== The task ==
A faithful copy of the data below is required, leaving out every picture.
Given data START
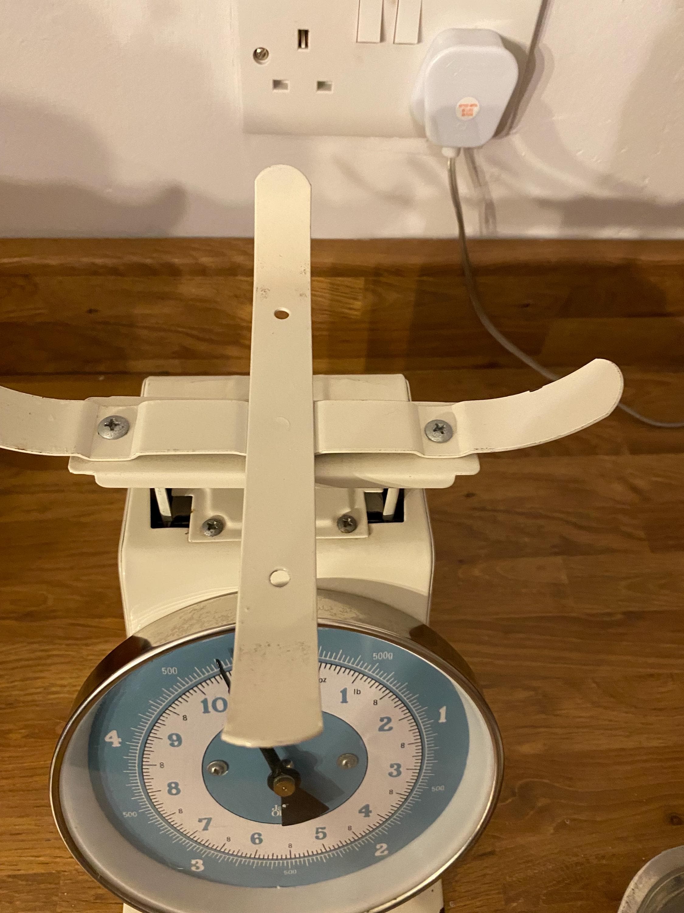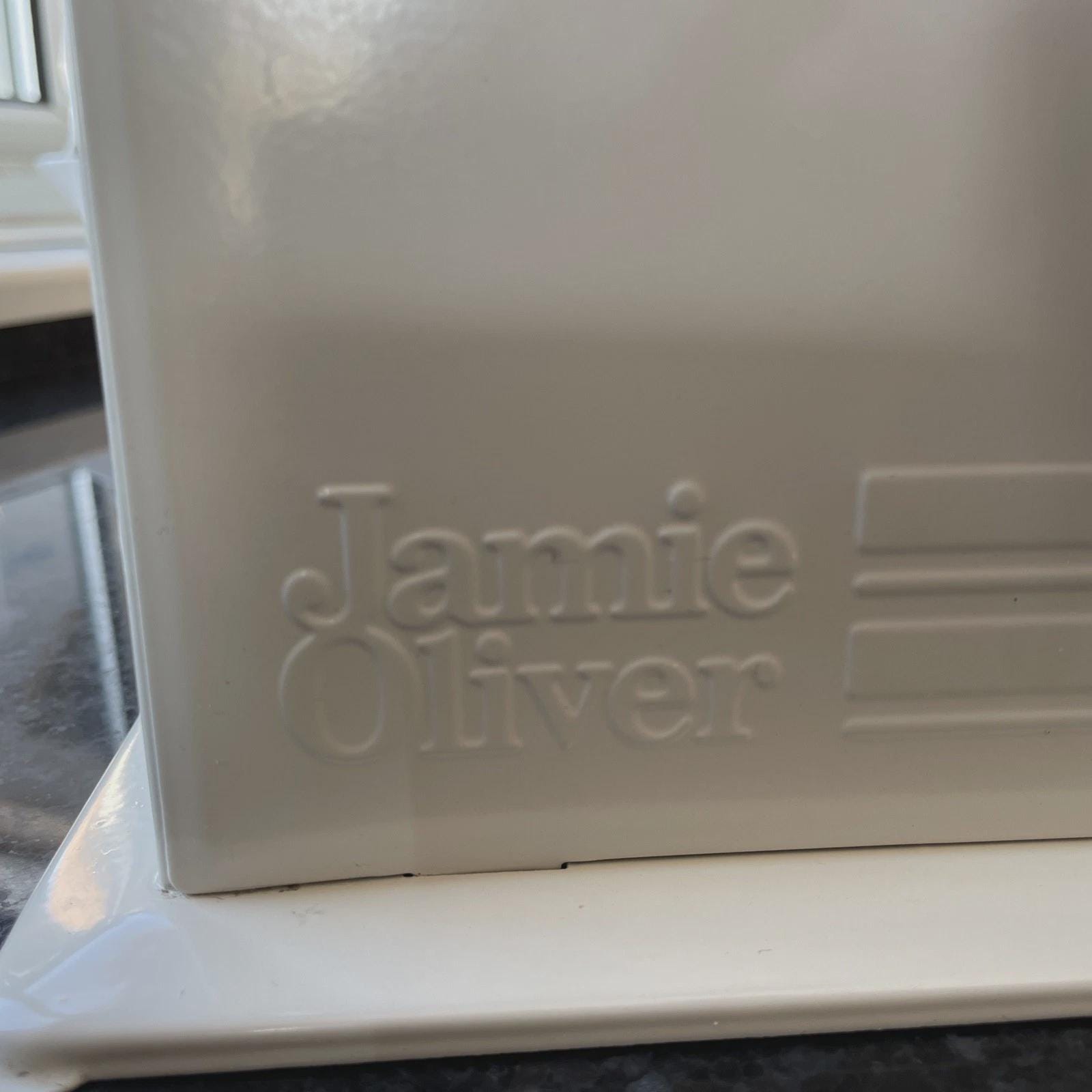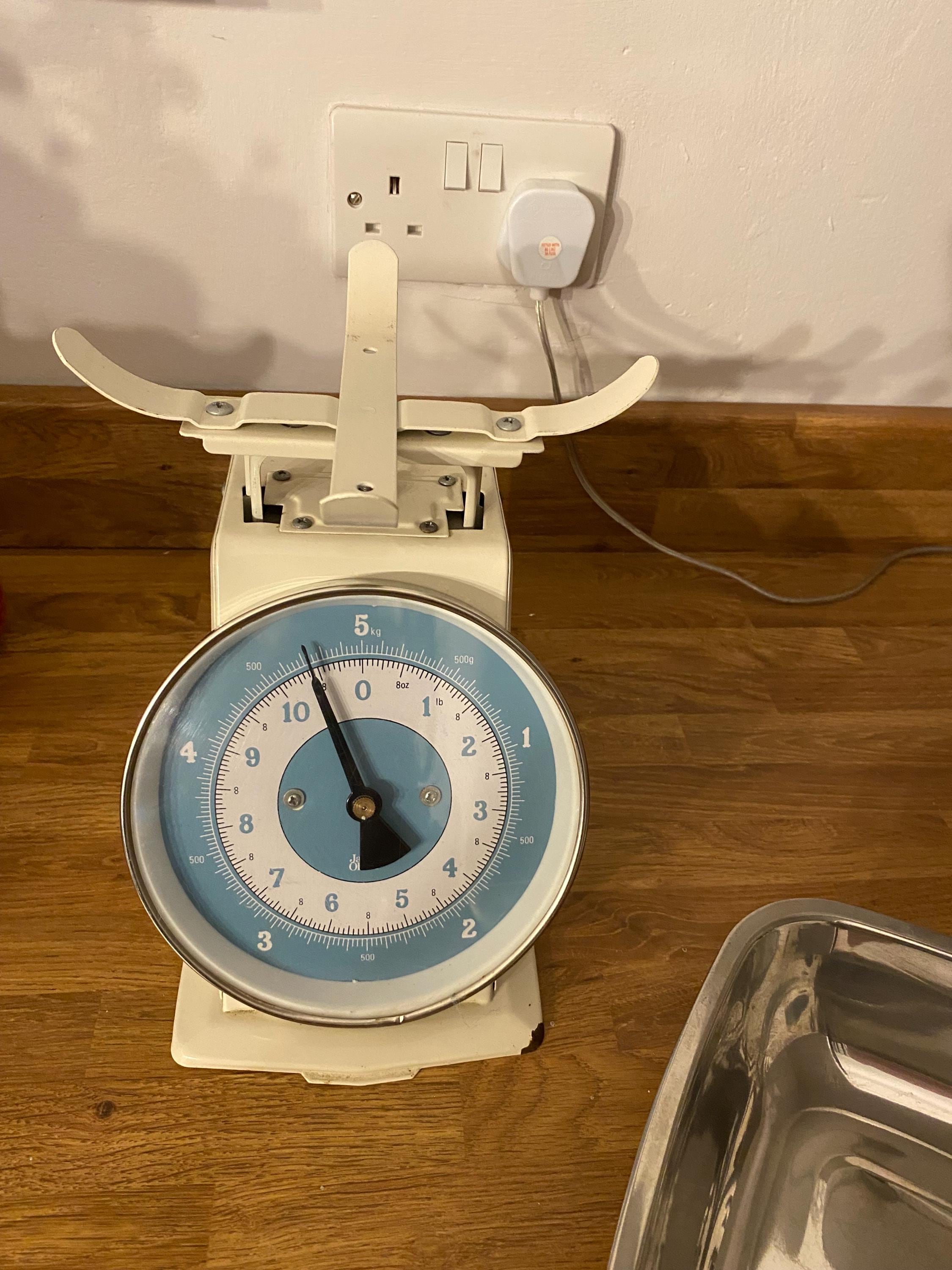 Vintage metal and enamel cream and duck egg weighing scales by Jamie Oliver.
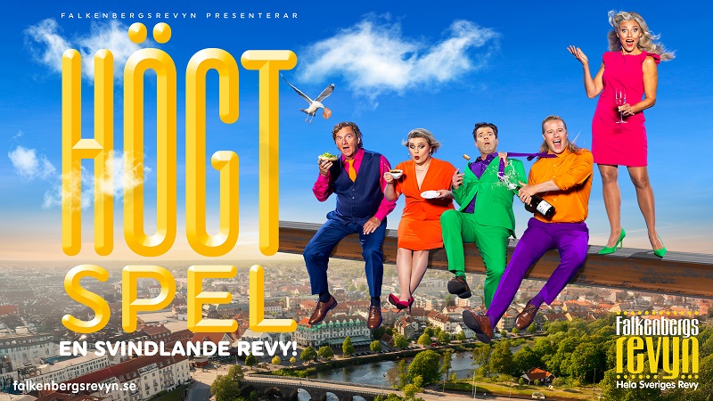 Falkenbergsrevyn driver med vår samtid och gör det med humor av både finess och klass i nya revyn Högt Spel – en svindlande revy. Nya revyn är starkt kopplad till att det är många som spelar högt världen över vilka mår bäst av att tas med en komisk klackspark. Världen blir inte roligare än vi gör den. I en tid av oroliga utsikter - har revyn goda avsikter - att sprida roliga insikter. Det kan gälla alltifrån höga tullar & kaffepriser och Kungens svårigheter att hålla reda på sina barnbarn till att skoja med plattmasken, toppmöten och regeringens katapultstol när det gäller höga chefer och mycket, mycket mer….
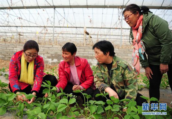 楊育英(左一)在自家果蔬大棚內與員工交流育苗技術(3月20日攝),F(xiàn)年45歲的楊育英早前并不從事農(nóng)業(yè)。她19歲開始到北京打工,先是做推銷員,后來專門從事設施農(nóng)業(yè)設備的生產(chǎn)?吹皆O施農(nóng)業(yè)前景廣闊,她2008年帶著技術和資金回到陜西渭南老家,搞起了葡萄種植。建大棚、配設施、引苗木,很快她就建起了渭南裕美現(xiàn)代農(nóng)業(yè)設施示范園,并先后引進了36個葡萄品種。問起成功的秘訣,她坦言得益于她的“朋友圈”。新華社發(fā)(張博文 攝)
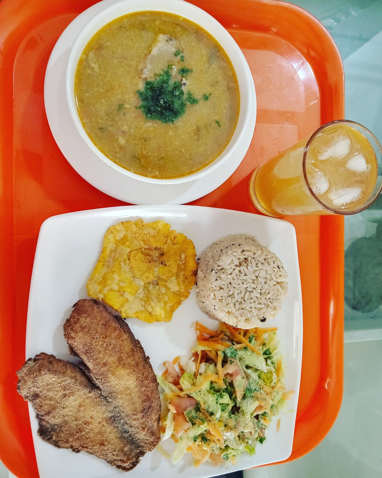 Almuerzos con Sancocho de pescado. Pescado frío acompañado de arroz de coco o blanco ensalada tostadas de plátanos y agua de panela
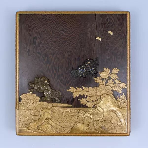 ▲以贝母为底洒金制作的莳绘漆器
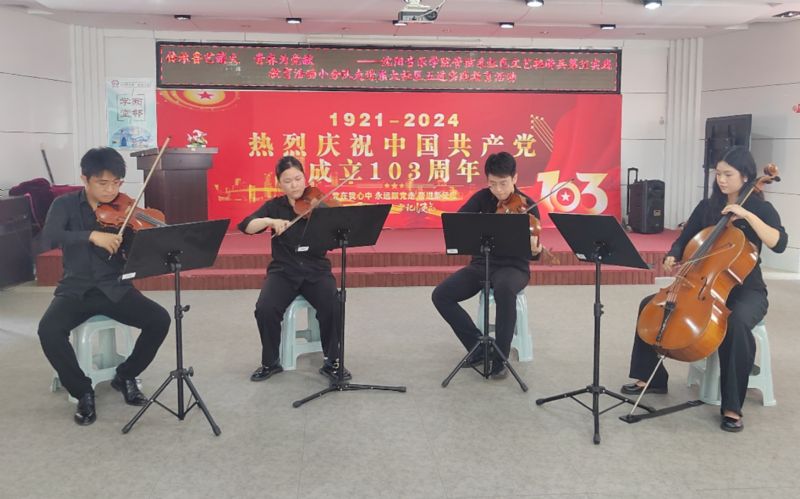 管弦系党总支将继续带领文艺轻骑兵当好文艺排头兵,做好实践者,持续开展常态化文艺演出,以喜闻乐见的表演形式,带给群众更多的文艺作品。让老百姓能够感受到来自中国共产党的温暖,不断种下坚定不移听党话、跟党走的种子。管弦系全体党员将以高度的政治自觉和使命担当,全力服务辽宁振兴发展,传承鲁艺薪火,接续奋进新征程,以实际行动欢庆党的103岁生日,共同奏响新时代高质量发展新篇章。
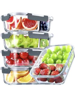 VERONES 5 Pack Glass Meal Prep Containers 2 Compartment Set, 36OZ Airtight Glass Lunch Containers, G$23Houston, TX
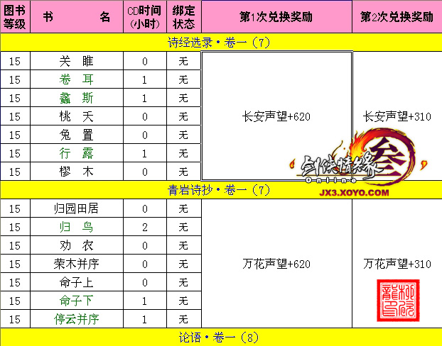 6、原来部份换物品的书籍需交第三次才是固定奖励,8月1日后全部统一为所有书籍交第二次即为固定奖励。
Given data END
== Solution to this task ==
 Vintage metal and enamel cream and duck egg weighing scales by Jamie Oliver.
 Falkenbergsrevyn driver med vår samtid och gör det med humor av både finess och klass i nya revyn Högt Spel – en svindlande revy. Nya revyn är starkt kopplad till att det är många som spelar högt världen över vilka mår bäst av att tas med en komisk klackspark. Världen blir inte roligare än vi gör den. I en tid av oroliga utsikter - har revyn goda avsikter - att sprida roliga insikter. Det kan gälla alltifrån höga tullar & kaffepriser och Kungens svårigheter att hålla reda på sina barnbarn till att skoja med plattmasken, toppmöten och regeringens katapultstol när det gäller höga chefer och mycket, mycket mer….
 楊育英(左一)在自家果蔬大棚內與員工交流育苗技術(3月20日攝),F(xiàn)年45歲的楊育英早前并不從事農(nóng)業(yè)。她19歲開始到北京打工,先是做推銷員,后來專門從事設施農(nóng)業(yè)設備的生產(chǎn)?吹皆O施農(nóng)業(yè)前景廣闊,她2008年帶著技術和資金回到陜西渭南老家,搞起了葡萄種植。建大棚、配設施、引苗木,很快她就建起了渭南裕美現(xiàn)代農(nóng)業(yè)設施示范園,并先后引進了36個葡萄品種。問起成功的秘訣,她坦言得益于她的“朋友圈”。新華社發(fā)(張博文 攝)
 Almuerzos con Sancocho de pescado. Pescado frío acompañado de arroz de coco o blanco ensalada tostadas de plátanos y agua de panela
 ▲以贝母为底洒金制作的莳绘漆器
 管弦系党总支将继续带领文艺轻骑兵当好文艺排头兵,做好实践者,持续开展常态化文艺演出,以喜闻乐见的表演形式,带给群众更多的文艺作品。让老百姓能够感受到来自中国共产党的温暖,不断种下坚定不移听党话、跟党走的种子。管弦系全体党员将以高度的政治自觉和使命担当,全力服务辽宁振兴发展,传承鲁艺薪火,接续奋进新征程,以实际行动欢庆党的103岁生日,共同奏响新时代高质量发展新篇章。
 VERONES 5 Pack Glass Meal Prep Containers 2 Compartment Set, 36OZ Airtight Glass Lunch Containers, G$23Houston, TX
 6、原来部份换物品的书籍需交第三次才是固定奖励,8月1日后全部统一为所有书籍交第二次即为固定奖励。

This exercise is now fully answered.